* **Provided material**:

────────────────────

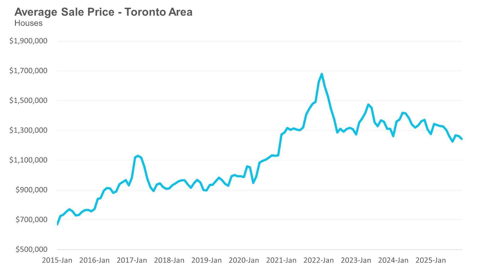The average price for a house in November 2025, $1,241,583, was down 9% from the same month last year.
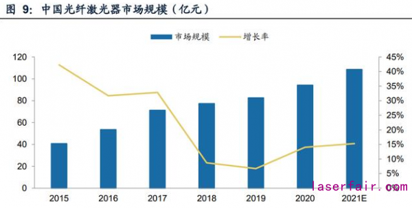 光纖激光器市場(chǎng)規(guī)模持續(xù)提升,中國(guó)成為全球最大市場(chǎng)。場(chǎng)銷(xiāo)售收入已經(jīng)達(dá)到全球的45%,是全球最大的銷(xiāo)售市場(chǎng)。2020年國(guó)內(nèi)光纖器市場(chǎng) 規(guī)模達(dá)94.2億元,同比增長(zhǎng)14%,中國(guó)市場(chǎng)進(jìn)一步擴(kuò)張。受到匯率波動(dòng)、貿(mào)易戰(zhàn)、 國(guó)產(chǎn)化替代和價(jià)格戰(zhàn)等因素影響,2019年IPG在中國(guó)這一最大市場(chǎng)上的營(yíng)收同比下 降了21.9%,2020年也僅同比增長(zhǎng)2.11%,而國(guó)產(chǎn)6kW以上的激光器開(kāi)始逐步參與 競(jìng)爭(zhēng)。巨大的國(guó)內(nèi)市場(chǎng)和海外企業(yè)優(yōu)勢(shì)的削弱,為國(guó)產(chǎn)替代創(chuàng)造機(jī)遇。
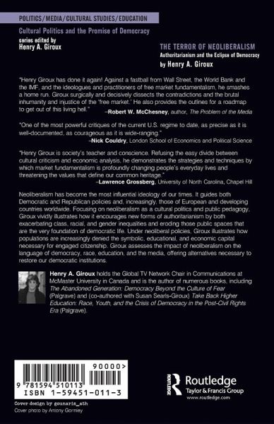 This book argues that neoliberalism is not simply an economic theory but also a set of values, ideologies, and practices that works more like a cultural field that is not only refiguring political and economic power, but eliminating the very categories of the social and political as essential elements of democratic life. Neoliberalism has become the most dangerous ideology of our time. Collapsing the link between corporate power and the state, neoliberalism is putting into place the conditions for a new kind of authoritarianism in which large sections of the population are increasingly denied the symbolic and economic capital necessary for engaged citizenship. Moreover, as corporate power gains a stranglehold on the media, the educational conditions necessary for a democracy are undermined as politics is reduced to a spectacle, essentially both depoliticizing politics and privatizing culture. This series addresses the relationship among culture, power, politics, and democratic struggles. Focusing on how culture offers opportunities that may expand and deepen the prospects for an inclusive democracy, it draws from struggles over the media, youth, political economy, workers, race, feminism, and more, highlighting how each offers a site of both resistance and transformation.
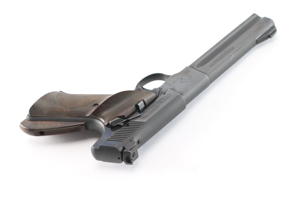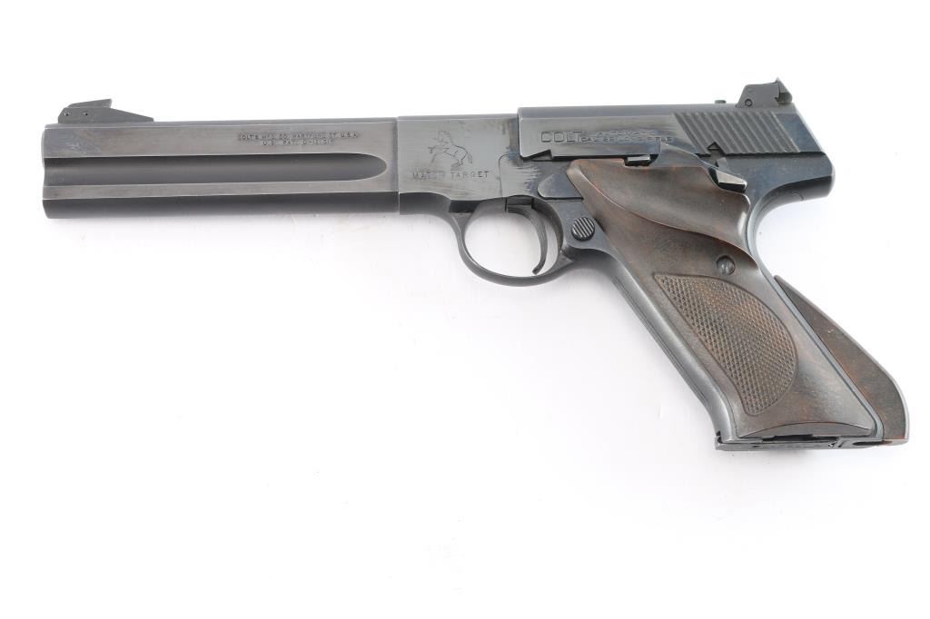 Semiautomatic rimfire pistol manufactured circa 1951, second series match target Woodsman. Features blued finish, checkered 'Coltwood' grips with thumbrest on the left panel, Rampant Colt on the right panel with factory palm swell grip adapter installed on the backstrap. 6" lug barrel, pinned Partridge front & 'Coltmaster' adjustable rear sights, push button magazine release, manual safety. Smooth trigger, serrated fore & backstraps. Bore is pristine. Retains 98% original blue finish with slight edge wear. Grips are excellent condition. Markings include "MATCH TARGET" under Rampant Colt. Markings are crisp and even. Colt marked magazine. Has seen very little use.

────────────────────

Without including any pictures, copy every line above exactly.

* **Result of this task**:
The average price for a house in November 2025, $1,241,583, was down 9% from the same month last year.
 光纖激光器市場(chǎng)規(guī)模持續(xù)提升,中國(guó)成為全球最大市場(chǎng)。場(chǎng)銷(xiāo)售收入已經(jīng)達(dá)到全球的45%,是全球最大的銷(xiāo)售市場(chǎng)。2020年國(guó)內(nèi)光纖器市場(chǎng) 規(guī)模達(dá)94.2億元,同比增長(zhǎng)14%,中國(guó)市場(chǎng)進(jìn)一步擴(kuò)張。受到匯率波動(dòng)、貿(mào)易戰(zhàn)、 國(guó)產(chǎn)化替代和價(jià)格戰(zhàn)等因素影響,2019年IPG在中國(guó)這一最大市場(chǎng)上的營(yíng)收同比下 降了21.9%,2020年也僅同比增長(zhǎng)2.11%,而國(guó)產(chǎn)6kW以上的激光器開(kāi)始逐步參與 競(jìng)爭(zhēng)。巨大的國(guó)內(nèi)市場(chǎng)和海外企業(yè)優(yōu)勢(shì)的削弱,為國(guó)產(chǎn)替代創(chuàng)造機(jī)遇。
 This book argues that neoliberalism is not simply an economic theory but also a set of values, ideologies, and practices that works more like a cultural field that is not only refiguring political and economic power, but eliminating the very categories of the social and political as essential elements of democratic life. Neoliberalism has become the most dangerous ideology of our time. Collapsing the link between corporate power and the state, neoliberalism is putting into place the conditions for a new kind of authoritarianism in which large sections of the population are increasingly denied the symbolic and economic capital necessary for engaged citizenship. Moreover, as corporate power gains a stranglehold on the media, the educational conditions necessary for a democracy are undermined as politics is reduced to a spectacle, essentially both depoliticizing politics and privatizing culture. This series addresses the relationship among culture, power, politics, and democratic struggles. Focusing on how culture offers opportunities that may expand and deepen the prospects for an inclusive democracy, it draws from struggles over the media, youth, political economy, workers, race, feminism, and more, highlighting how each offers a site of both resistance and transformation.
 Semiautomatic rimfire pistol manufactured circa 1951, second series match target Woodsman. Features blued finish, checkered 'Coltwood' grips with thumbrest on the left panel, Rampant Colt on the right panel with factory palm swell grip adapter installed on the backstrap. 6" lug barrel, pinned Partridge front & 'Coltmaster' adjustable rear sights, push button magazine release, manual safety. Smooth trigger, serrated fore & backstraps. Bore is pristine. Retains 98% original blue finish with slight edge wear. Grips are excellent condition. Markings include "MATCH TARGET" under Rampant Colt. Markings are crisp and even. Colt marked magazine. Has seen very little use.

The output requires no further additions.